I am posting this from a message received on the Hyatt board (HyattVacationClub@yahoogroups.com) that I belong to.
 I am posting this w/o permission and hope that it is okay to do so. I have notified the OP.

It is an excerpt from a response one of our members received.



"Thought you might be interested in this message that I received last
week after inquiring about the status of the upcoming sale... "(quote from member)

*
"On July 31, 2008 the new owners of the Dorado Beach and Cerromar sites
announced that they will be building a 6 star Ritz Carlton Reserve
property at Dorado and a 4 star Fairmont Hotel and Casino at the old
Cerromar site. The details of the construction were not revealed. The
plan is to demolish both closed hotels to make brand new properties from
scratch. The service agreement that was in place with the previous
owners calls for access to the Cerromar site and it's amenities. That is
being negotiated with the new owners. Once it is final we will let all
of Hacienda del Mar owners know about the specifics.

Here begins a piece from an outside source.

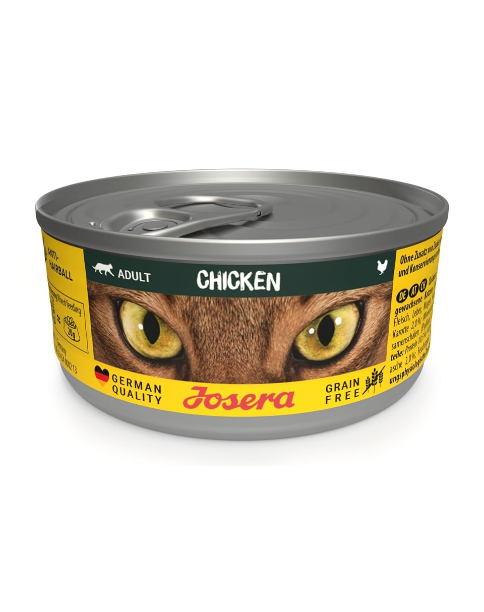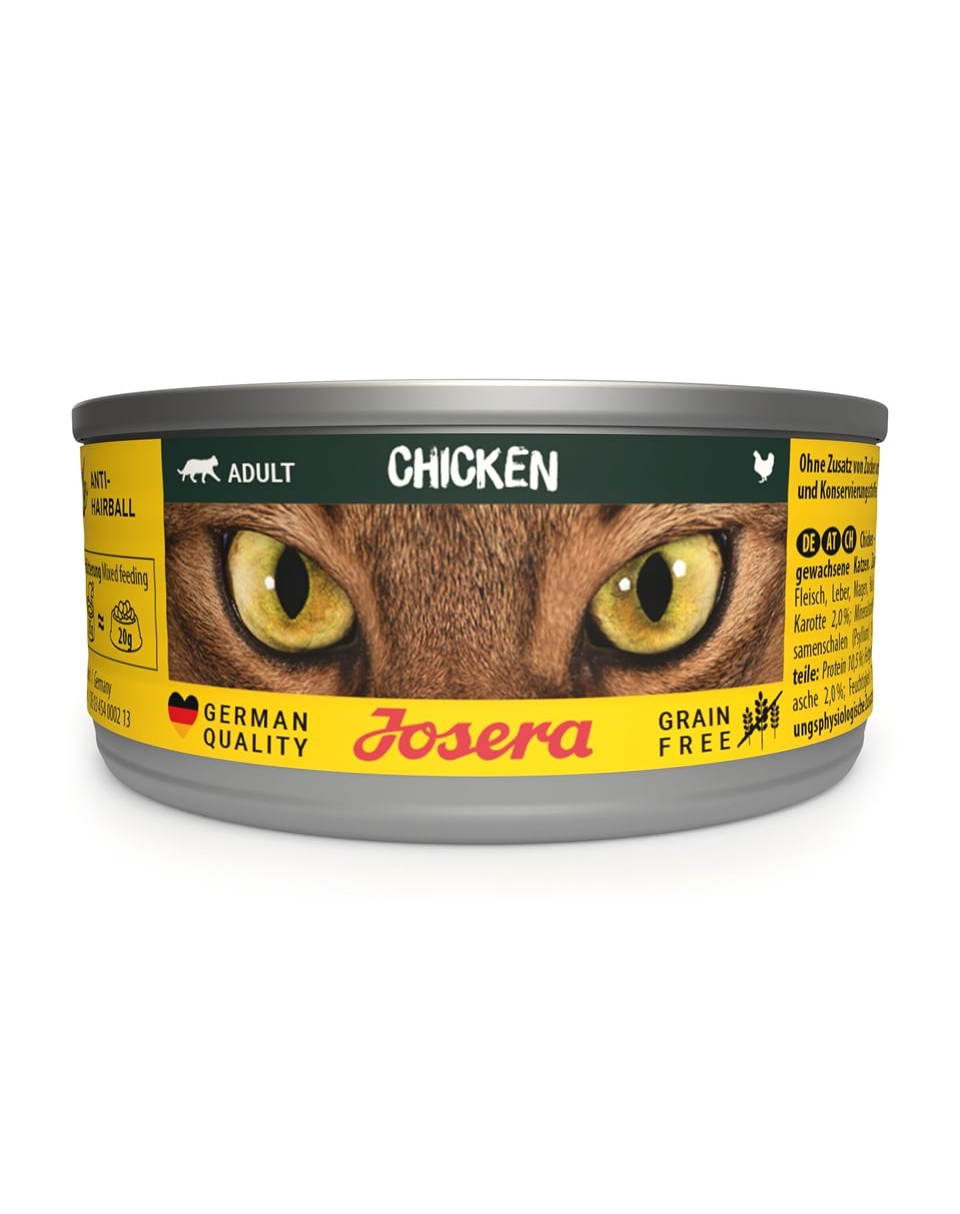 Hrană umedă completă pentru pisici adulte. JOSERA Adult Chicken este o hrană umedă completă pentru pisici adulte, cu pui, formulată fără cereale. Rețeta oferă un aport echilibrat de proteine animale și nutrienți esențiali, fiind potrivită ca aliment principal zilnic.

Thanks for your patience and I strongly believe that at the end when all
is completed Hacienda will once again be a very spectacular property
with a unique vacation experience to offer for many years to come."*

This sounds like progress, finally!

Late edit: Apparently this has been on flyertalk for a while, but I was just notified.


----------



## Beaglemom3 (Aug 19, 2008)

More here:

http://www.caribbeanbusinesspr.com/news02.php?nw_id=191&ct_id=17


----------



## Maryman (Aug 21, 2008)

This is great news--I've been wanting to get down there for a vacation with the family, but was dissuaded by all of the unsettled development business.  Thanks for sharing, BeagleMom!


----------



## Beaglemom3 (Aug 22, 2008)

You're welcome.

As an owner at the HHdM, I have been so troubled with the decline of a once beautiful (Hyat!)resort and its ammenities. The casino and restaurants next door were part of the draw to this resort and then it fell into almost abandonment and neglect. 

The past 2-3 years have been full of hopeful anticipation, rumor and worry. The best we could hope was that the Hyatt would rebuild the Cerromar next door to as a 3-4* hotel. Now with the Fairmont name next door and the Ritz just down the road, things are better than wished for.

Will keep you updated on this.


Note:
I bought my Hyatt 1300 pts @ HHdM for ~$3200+closing (took a year - Napoleonic law in PR). Hyatt originally exercsied their ROFR and then reversed themselves.

There are some bargains out there still, but it still is speculative until the Fairmont & Ritz are built.


----------